**Work order:** Keep the wording of every entry exactly as it is while leaving the pictures out of your copy.

**Given information:**
::::::::::

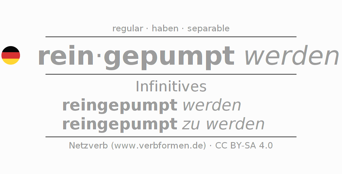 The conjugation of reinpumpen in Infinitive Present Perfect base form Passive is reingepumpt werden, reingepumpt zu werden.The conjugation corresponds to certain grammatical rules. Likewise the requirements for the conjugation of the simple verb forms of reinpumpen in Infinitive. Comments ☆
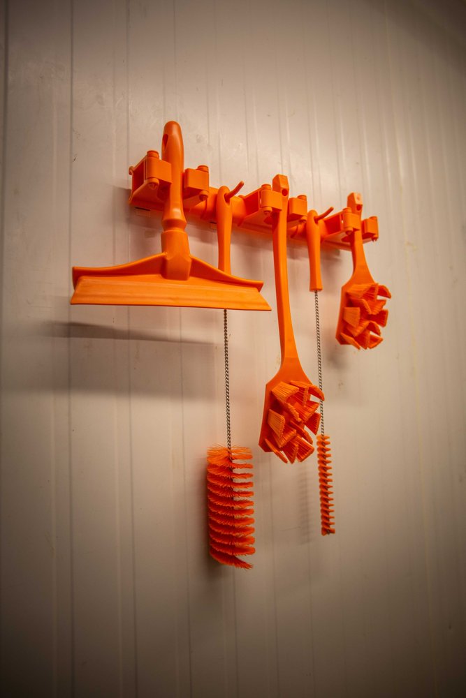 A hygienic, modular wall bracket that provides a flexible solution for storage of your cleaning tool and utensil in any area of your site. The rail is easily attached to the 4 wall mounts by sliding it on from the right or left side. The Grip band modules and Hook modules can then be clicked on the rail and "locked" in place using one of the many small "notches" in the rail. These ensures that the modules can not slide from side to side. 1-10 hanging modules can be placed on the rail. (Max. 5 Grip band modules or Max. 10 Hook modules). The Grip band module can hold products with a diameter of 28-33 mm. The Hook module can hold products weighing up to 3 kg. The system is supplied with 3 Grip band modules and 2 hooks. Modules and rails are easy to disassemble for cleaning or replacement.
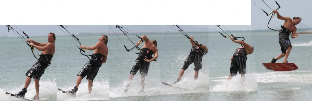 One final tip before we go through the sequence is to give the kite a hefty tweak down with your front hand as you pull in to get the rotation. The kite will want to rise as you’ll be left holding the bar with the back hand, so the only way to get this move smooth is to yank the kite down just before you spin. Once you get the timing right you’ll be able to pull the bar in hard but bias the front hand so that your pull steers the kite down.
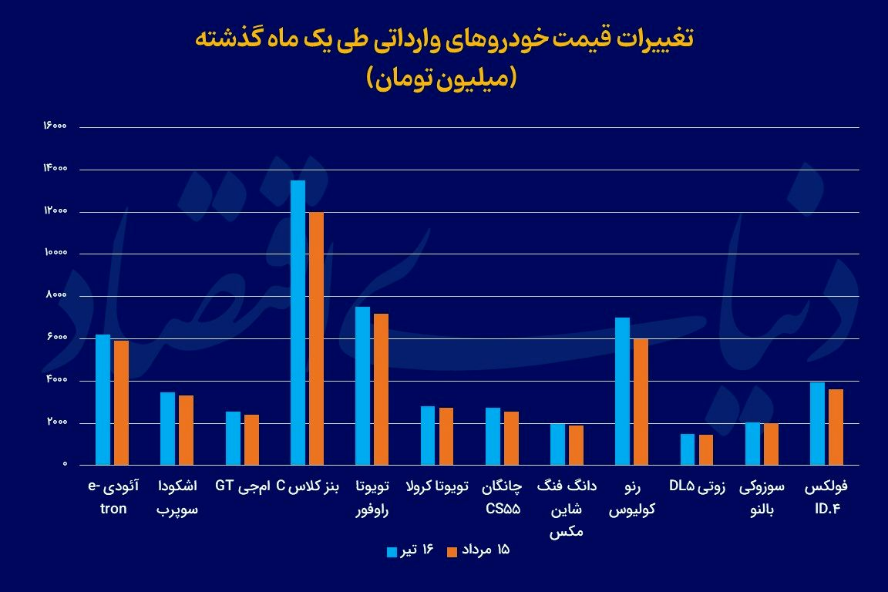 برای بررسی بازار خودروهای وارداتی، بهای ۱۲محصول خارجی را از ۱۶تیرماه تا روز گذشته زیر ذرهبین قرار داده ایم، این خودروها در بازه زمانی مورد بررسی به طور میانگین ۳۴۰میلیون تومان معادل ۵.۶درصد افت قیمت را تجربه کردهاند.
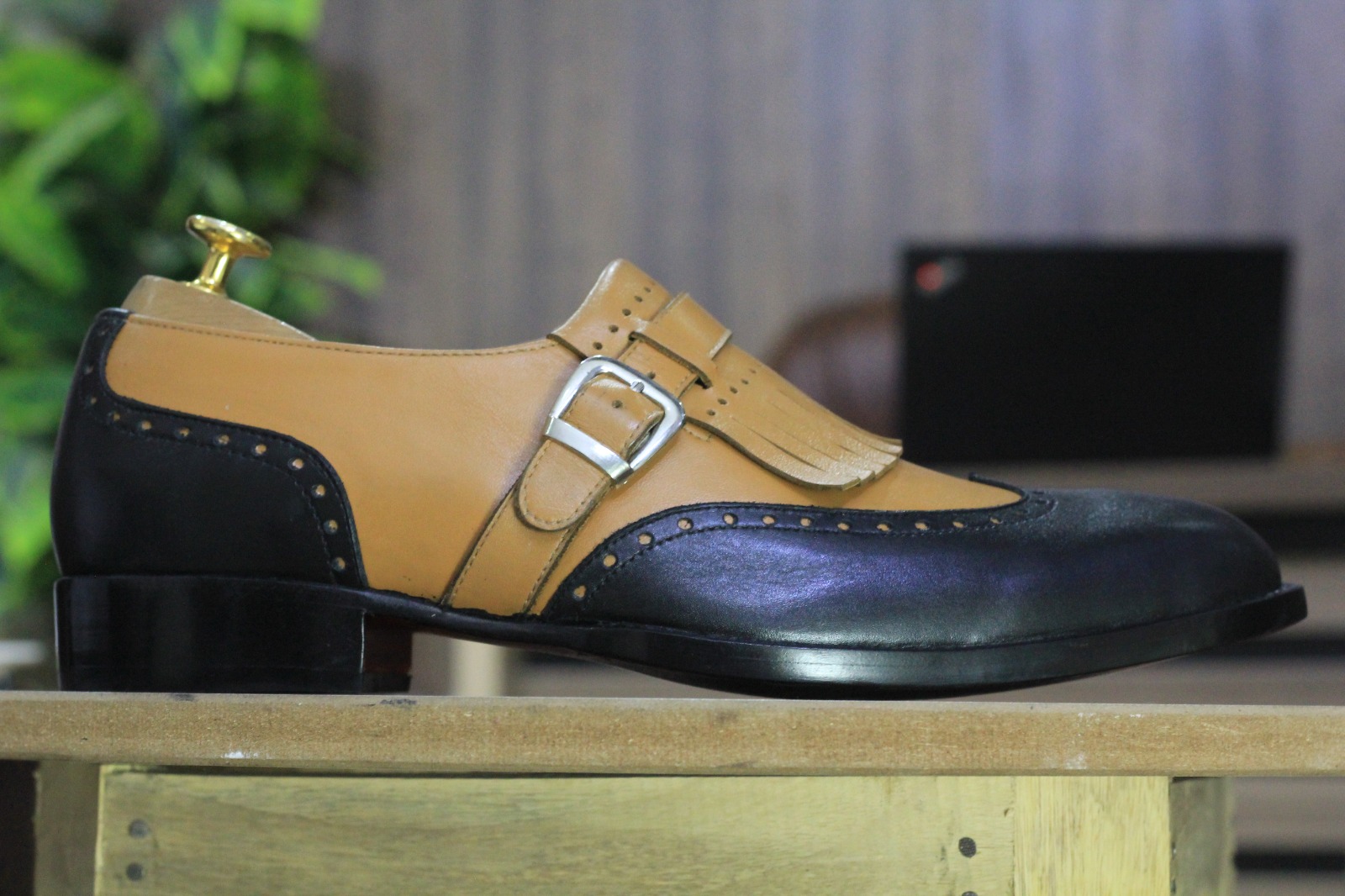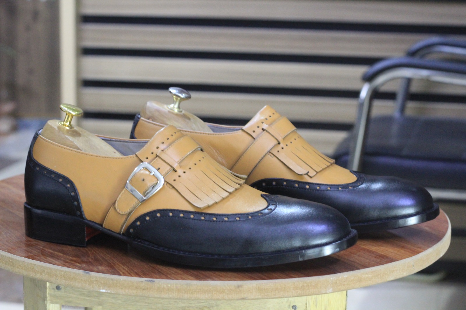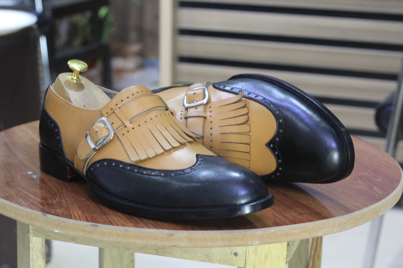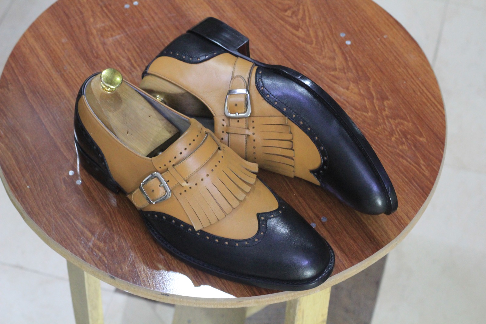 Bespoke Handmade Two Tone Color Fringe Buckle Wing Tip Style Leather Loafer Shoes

::::::::::

**Task output:**
 The conjugation of reinpumpen in Infinitive Present Perfect base form Passive is reingepumpt werden, reingepumpt zu werden.The conjugation corresponds to certain grammatical rules. Likewise the requirements for the conjugation of the simple verb forms of reinpumpen in Infinitive. Comments ☆
 A hygienic, modular wall bracket that provides a flexible solution for storage of your cleaning tool and utensil in any area of your site. The rail is easily attached to the 4 wall mounts by sliding it on from the right or left side. The Grip band modules and Hook modules can then be clicked on the rail and "locked" in place using one of the many small "notches" in the rail. These ensures that the modules can not slide from side to side. 1-10 hanging modules can be placed on the rail. (Max. 5 Grip band modules or Max. 10 Hook modules). The Grip band module can hold products with a diameter of 28-33 mm. The Hook module can hold products weighing up to 3 kg. The system is supplied with 3 Grip band modules and 2 hooks. Modules and rails are easy to disassemble for cleaning or replacement.
 One final tip before we go through the sequence is to give the kite a hefty tweak down with your front hand as you pull in to get the rotation. The kite will want to rise as you’ll be left holding the bar with the back hand, so the only way to get this move smooth is to yank the kite down just before you spin. Once you get the timing right you’ll be able to pull the bar in hard but bias the front hand so that your pull steers the kite down.
 برای بررسی بازار خودروهای وارداتی، بهای ۱۲محصول خارجی را از ۱۶تیرماه تا روز گذشته زیر ذرهبین قرار داده ایم، این خودروها در بازه زمانی مورد بررسی به طور میانگین ۳۴۰میلیون تومان معادل ۵.۶درصد افت قیمت را تجربه کردهاند.
 Bespoke Handmade Two Tone Color Fringe Buckle Wing Tip Style Leather Loafer Shoes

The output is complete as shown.